Task material:

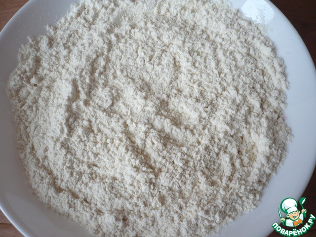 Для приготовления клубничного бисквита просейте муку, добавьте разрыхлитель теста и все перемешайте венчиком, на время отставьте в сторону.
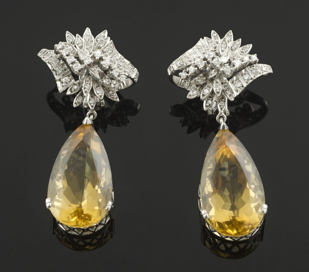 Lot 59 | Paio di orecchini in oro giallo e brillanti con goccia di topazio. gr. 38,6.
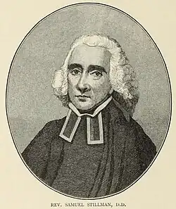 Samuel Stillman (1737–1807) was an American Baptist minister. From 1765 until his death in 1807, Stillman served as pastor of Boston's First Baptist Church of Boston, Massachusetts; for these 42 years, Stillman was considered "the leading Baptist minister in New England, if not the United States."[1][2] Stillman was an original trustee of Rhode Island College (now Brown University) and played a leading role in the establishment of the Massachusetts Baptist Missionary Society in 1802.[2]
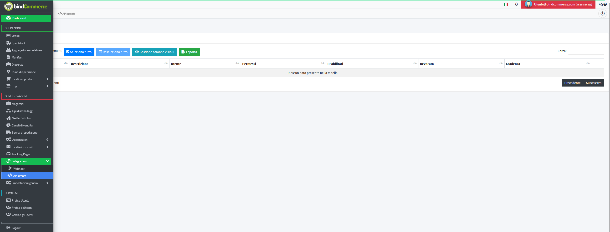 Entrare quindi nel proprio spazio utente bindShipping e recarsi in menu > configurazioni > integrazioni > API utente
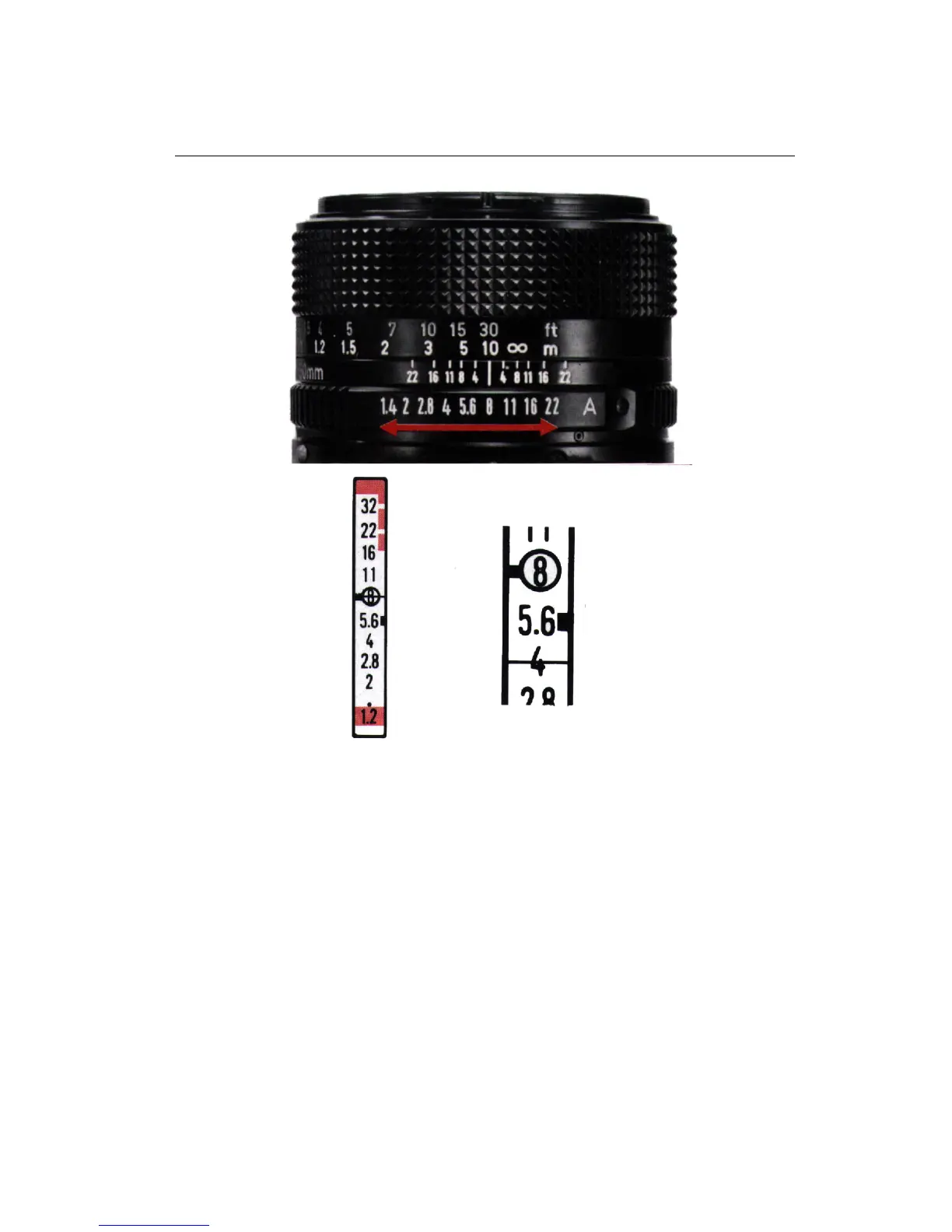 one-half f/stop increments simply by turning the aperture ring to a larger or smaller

Required action:
Would you transcribe each of the entries exactly, skipping the pictures?

Result:
 Для приготовления клубничного бисквита просейте муку, добавьте разрыхлитель теста и все перемешайте венчиком, на время отставьте в сторону.
 Lot 59 | Paio di orecchini in oro giallo e brillanti con goccia di topazio. gr. 38,6.
 Samuel Stillman (1737–1807) was an American Baptist minister. From 1765 until his death in 1807, Stillman served as pastor of Boston's First Baptist Church of Boston, Massachusetts; for these 42 years, Stillman was considered "the leading Baptist minister in New England, if not the United States."[1][2] Stillman was an original trustee of Rhode Island College (now Brown University) and played a leading role in the establishment of the Massachusetts Baptist Missionary Society in 1802.[2]
 Entrare quindi nel proprio spazio utente bindShipping e recarsi in menu > configurazioni > integrazioni > API utente
 one-half f/stop increments simply by turning the aperture ring to a larger or smaller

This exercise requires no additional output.